“In Chicago,” I answered hesitantly, cracking eggs for Dallas’s omelet.
“And what’s there?”
“Pardon me?”
“In Chicago,” she clarified. “What is in Chicago?”
Ah. “I work for a––”
“No,” she snapped, taking a sip of her tea and then looking back at me, pinning me with her gaze. Clearly, she was waiting.
“No?”
“I want to know what, outside of a job, keeps you in Chicago.”
I had to think.
It was subtle. Her eyebrows lifted first, then her head tipped just a bit, and then came the smile that a cat probably wore once it knew the canary had nowhere to run. “No family?”
“No, ma’am.”
She almost purred. “You have a lot of friends there?”
I shrugged. “I have a few but––”
“So it’s really just you,” she said, laser focused on me. “You’re all alone.”
“No, I’m not alone, I just––”
“I want to reiterate about dinner,” she told me. “I want you both there.”
“That’s very gracious of you,” I said softly, watching as Dallas came back into the room in low-slung jeans that had seen better days, faded and threadbare, and a long-sleeved T-shirt. He was barefoot, and when he reached the island, he took the seat on the other side of his sister, not next to his mother.
“You borrowed a sweater, I see,” Dallas said, hands folded in front of him, smiling at me.
“I hope you don’t mind.”
“No, not at all. You wear whatever you like. You look good in my clothes.”
I grinned at him. “What do you take in your coffee?”
“Just milk.”
Since I had purchased half-and-half at the store, I put the carton down in front of him with the mug of coffee and a spoon.
“This is amazing,” he told me after taking a sip.
“It’s Croy’s special blend,” Cate announced to her brother.
“I’m glad you like it.”
His eyes never left me.
“Darling.”
Dallas leaned forward so he could turn his head and see his mother as I focused on making his omelet.
“I was telling Croy that I’m having a dinner party tonight. If you’re not working this evening, I’d love it if you and he could come by.”
“I don’t think that’s something that––”
“It’s been so long since your brothers saw you.”
He grunted.
“Dallas?”
“Mother, I don’t have brothers. I have a sister. Just because you got remarried doesn’t make the cover models any relation to me.”
I flipped his omelet, and then again, and put it on a plate. “I’m loving this pan,” I told him.
He groaned.
“I bought that,” Jackie chimed in. “Whenever I find something wonderful, I grab one for all my kids.”
“That’s really nice,” I told her. “One of the guys I work with, Locryn, his mom is like that. She sends odd things to the office because she doesn’t want them dropped off in the middle of the day at his place.”
She was smiling at me.
“Last month he got the world’s greatest ice cream scoop, apparently, and it’s always fun to hear him on the phone with her.”
“And your mother, Croy?” she asked as I put hash browns on Dallas’s plate and then passed it to him. I got him utensils and a napkin, and since Cate hadn’t eaten all her toast, she moved it over between them. “Where is she?”
“Mom,” Dallas whined, squinting at her, “could you not?”
“I think she and my father live abroad at the moment, but I don’t know for certain. We don’t speak, haven’t since I graduated from high school.”
“Oh,” she said, like that news physically hurt her. “I’m so sorry.”
Reaching across the counter for her, I was not surprised when she grabbed my hand tight. “It was a million years ago.”
“Yes,” she whispered, her voice gone for a moment. “I just—I meddle in the lives of my children. I’m a bit of a steamroller, and I…own that. But I could no more be parted from any of them than I could be parted from my own heart.”
I squeezed her hand a second and then eased out of her hold so I could pour Dallas some orange juice.
“So listen to the name Croy came up with for my business,” Cate told Dallas. “He’s so clever, I’m just amazed.”
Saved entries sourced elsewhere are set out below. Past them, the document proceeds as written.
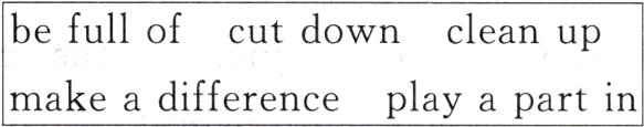 11. is full of 12. make a difference 13. clean up 14. play a part in 15. cut down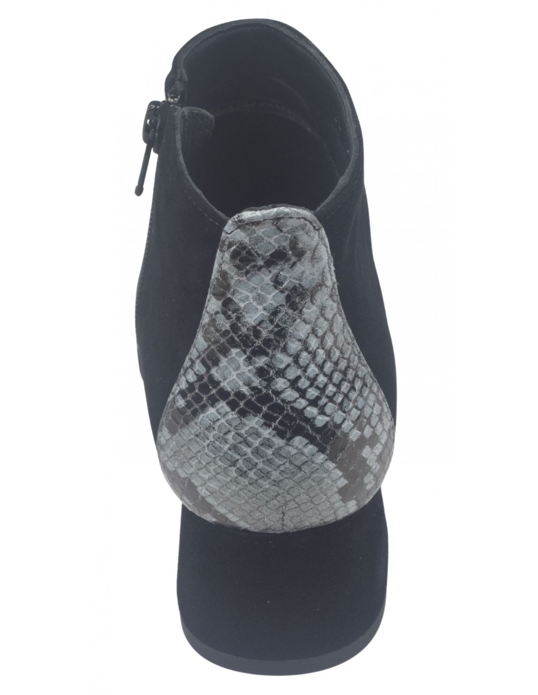 La parte superior está hecha de dos materiales: ante negro en la parte delantera y piel de reptil azul y negra en la trasera. La parte superior mide 8 cm de alto y el contorno del tobillo (medida tomada en la parte superior de la caña en una talla 34) mide 25 cm. Es fácil de poner gracias a una cremallera en el interior de la bota
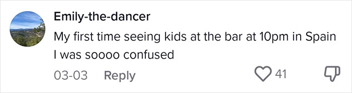 Load More Replies...As someone who has lived +40 years in Spain, children used to know how to behave in public. Now you see more bratty kids than ever. I work in education here and parents have pretty much given up, because it's not easy (has never been) to set boundaries. The cultural aspect is really true. Kids will adapt to parents' schedule. I find that healthy vs. my kid is my identity mentality. And there's parks galore so playing outside is still a daily routine for most. Overall, l think parents and kids are fairly happy here.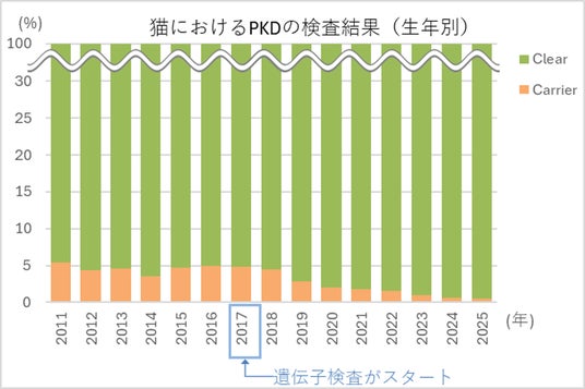 PKDは、腎臓に多数の嚢胞(液体の入った袋状の構造)が形成され、時間とともに大型化することで腎臓が圧迫され、腎機能が低下し腎不全を起こす病気です。明らかな症状が現れる時期は個体によりばらつきが大きく、多くの場合は中高齢になってから顕著になります。PKDはキャリアでも発症リスクのある「優性遺伝(顕性遺伝)」の遺伝形式をとります。また、アフェクテッドの場合は胎児の時点で死亡してしまうため、生体の遺伝病検査にてアフェクテッドが検出されることはないとされています。アニコムの検査においても、アフェクテッドは検出されず、検査を開始した2017年より後に生まれた猫ではキャリアの割合に明らかな減少がみられました。

“I was amazed from the start,” Dallas told her, sighing as he ate his omelet.
Nine
As Dallas and his sister cleaned the kitchen, though there wasn’t much to do since I’d loaded the dishwasher as I cooked, I called the number on the card that Locryn had texted me. So much had happened since he’d told me about the visit by the lawyer, but I finally had time to find out what that was about.
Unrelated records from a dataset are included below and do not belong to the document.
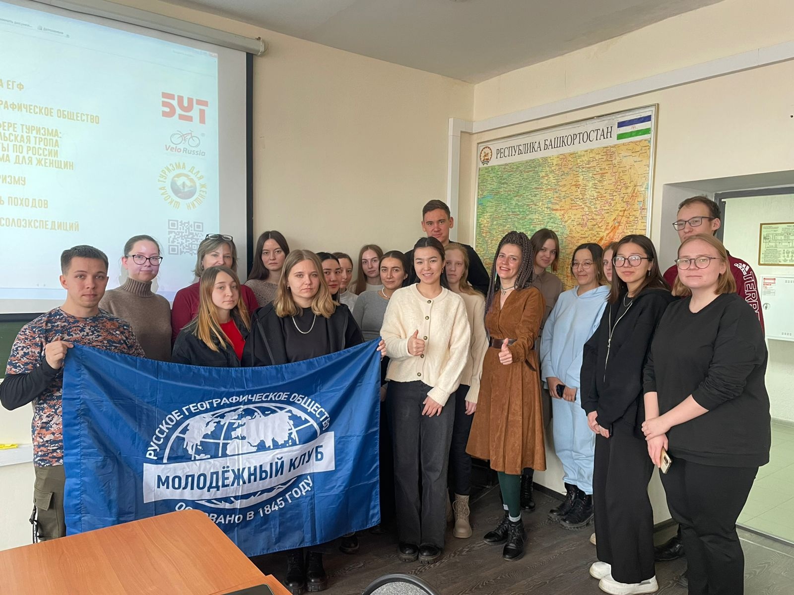 27 марта на ЕГФ, прошла встреча студентов с Ксенией Салазановой, активным членом Русского географического общества (РГО). Она рассказала об участии в экспедиции РГО в Арктику, о прошлогоднем путешествии на велосипеде по маршруту Екатеринбург-Оренбург длительностью в 21 день, поделилась фотографиями о путешествии пешком, на велосипеде и по воде, во время которой она сумела пройти расстояние в 440 км. В ходе своих путешествий, она посетила множество интересных мест, увидела достопримечательности и встретилась с другими любителями велотуризма в нашей стране.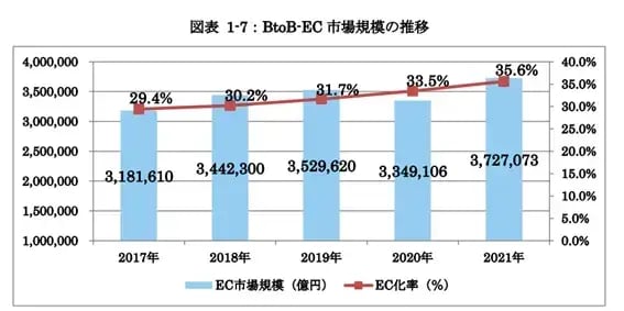 経済産業省が発表した電子商取引に関する市場調査によると、日本国内のBtoBのEC化率は2021年で35.6%です。以下に解説する日本国内全体のBtoCのEC化率を大きく上回っており、全商取引の約1/3がEC化されていることとなります。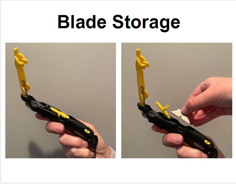 – Access spare blades stored within the knife by simply lifting the top, ensuring uninterrupted workflow.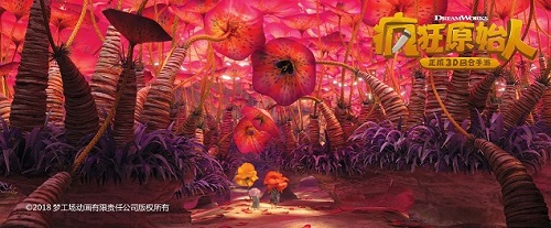 影片最初,谨慎保守的瓜哥带领着家人躲藏在山洞中,周围都是贫瘠的砂岩地。到处可见被风沙吹散的碎石,食物稀少,一枚鸟蛋就是一家人唯一的食物。山洞崩塌后,随着盖的出现,在寻找希望的路上,咕噜家族见到了各种从未见过的画面,长满蒲公英的红色山坡、布满苔藓的大树、被植物包围的热带雨林...各种绚丽的场景出现在荧幕上,这些场景充满了未知的神秘感,不断的吸引着观众目光。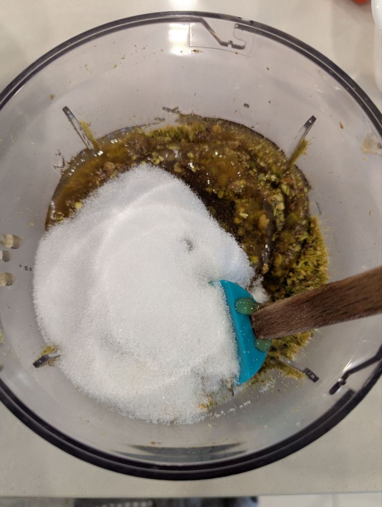 - Make the filling by processing the pistachios. Do this by using a food processor and blending the pistachios until it is a fine grain consistency.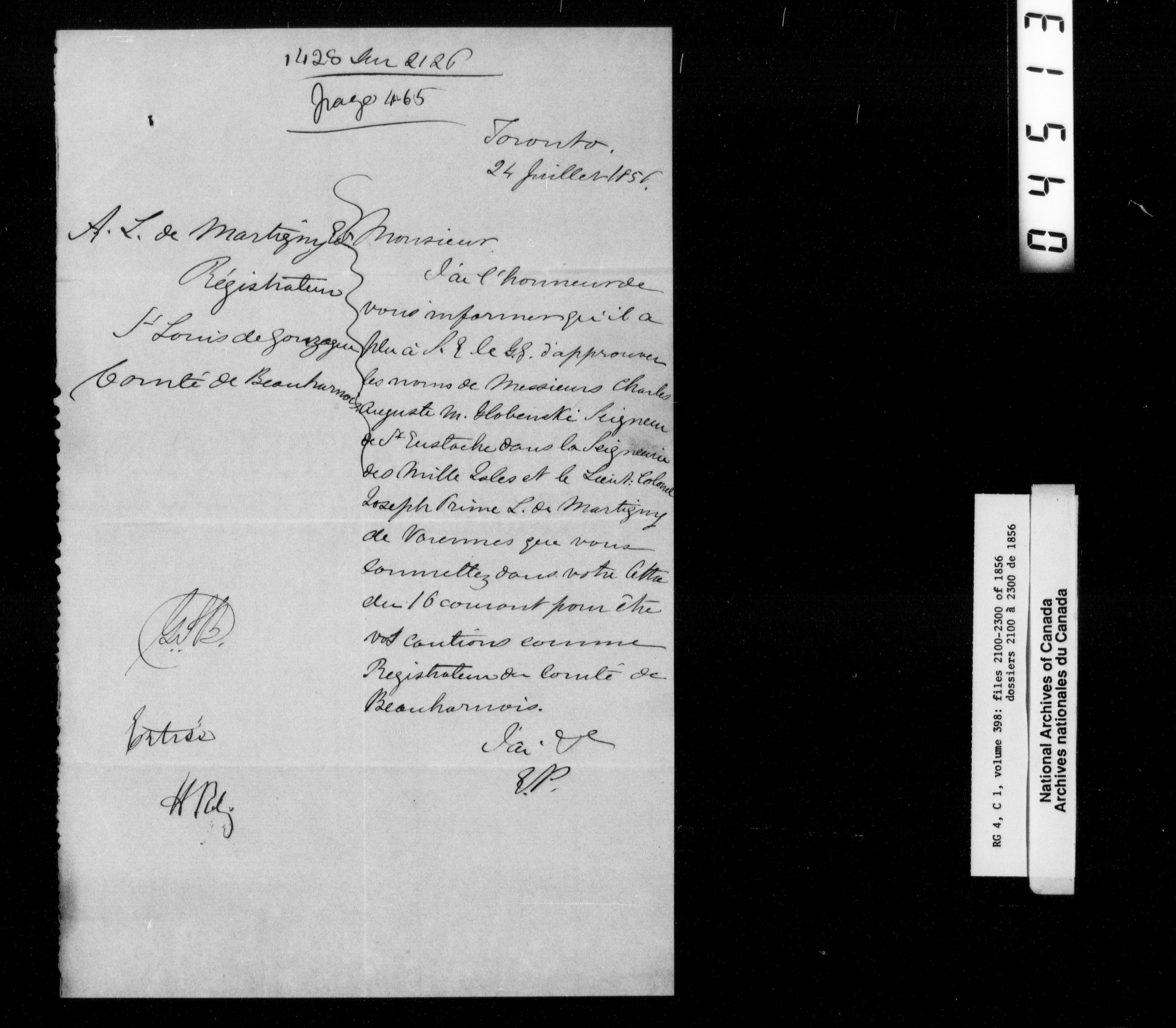 Canada East : Provincial Secretary numbered correspondence files, 1839-1867 - 2697

“Good afternoon,” the receptionist said, running through her script. “You’ve reached the law offices of Dupont and Burge; how may I direct your call?”
“I need to speak to Rendon Lowell, please.”
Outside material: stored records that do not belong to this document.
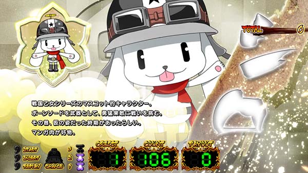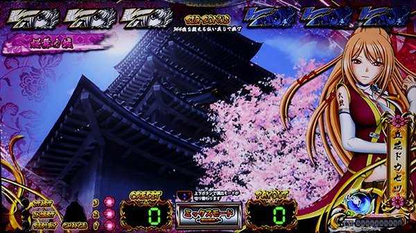 戦国乙女シリーズが初となるボーナス+RTタイプとして登場。 ボーナスの種類はBIG・REGの2種類で、BIG終了後に30G固定のRTに突入するシンプルなゲーム性となっている。BIG中は予告音発生時にビタ押しを1回(逆押しで左リールに白7)成功させれば最大枚数である311枚を獲得可能。 ボーナス当選時の告知も早く、基本的に難しい要素はないため、誰でも気軽に遊ぶことができる仕様だ。 |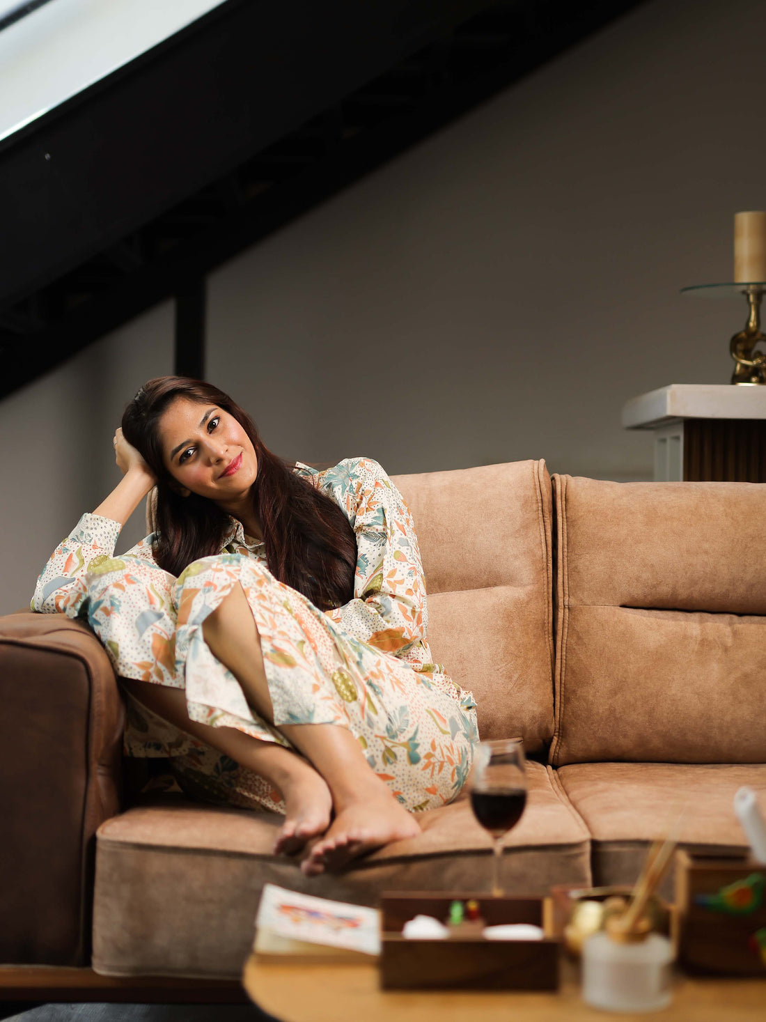 Style it with minimal gold or silver jewelry, flats, or wedges for a clean, graceful Indo-western look.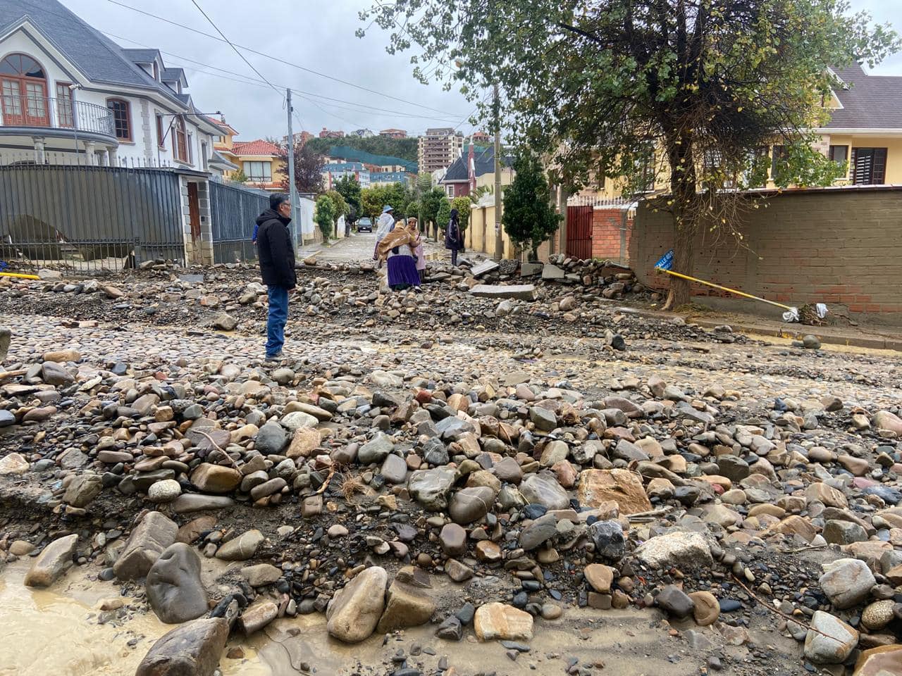 vecinos de La Paz expresan su malestar porque consideran que existe una desatención y falta de gestión del alcalde Iván Arias para ejecutar medidas de prevención para evitar el desborde de los ríos.La riada provocó, a la altura de la calle 43 de Achumani, que el muro del río se desplome y las aguas salgan a la avenida. Producto de este rebalse, en Huayllani y Achumani varias viviendas sufrieron inundaciones.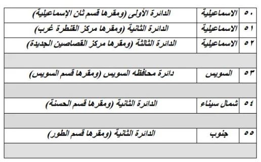 وفى محافظة دمياط بالدائرة الثانية «كفر سعد»، وفى محافظة بورسعيد بالدائرة الأولى «أول بور فؤاد» وفى محافظة الإسماعيلية بالدائرة الأولى «ثان الإسماعيلية»، الدائرة الثانية «القنطرة غرب»، الدائرة الثالثة «القصاصين الجديدة»، وفى محافظة السويس بالدائرة الأولى «السويس»، وفى محافظة شمال سيناء بالدائرة الثانية «الحسنة»، وفى محافظة جنوب سيناء بالدائرة الثانية «الطور».

“If you would remain on the line, I’ll connect you to his office.”
The hold music was “Clair de Lune,” which I had learned to play on the piano when I was eight, and had hated ever since. Thankfully, I didn’t have to listen long, as Mr. Lowell’s assistant answered a few seconds later. She sounded nice, and as soon as I said my name, she put me right through to the man.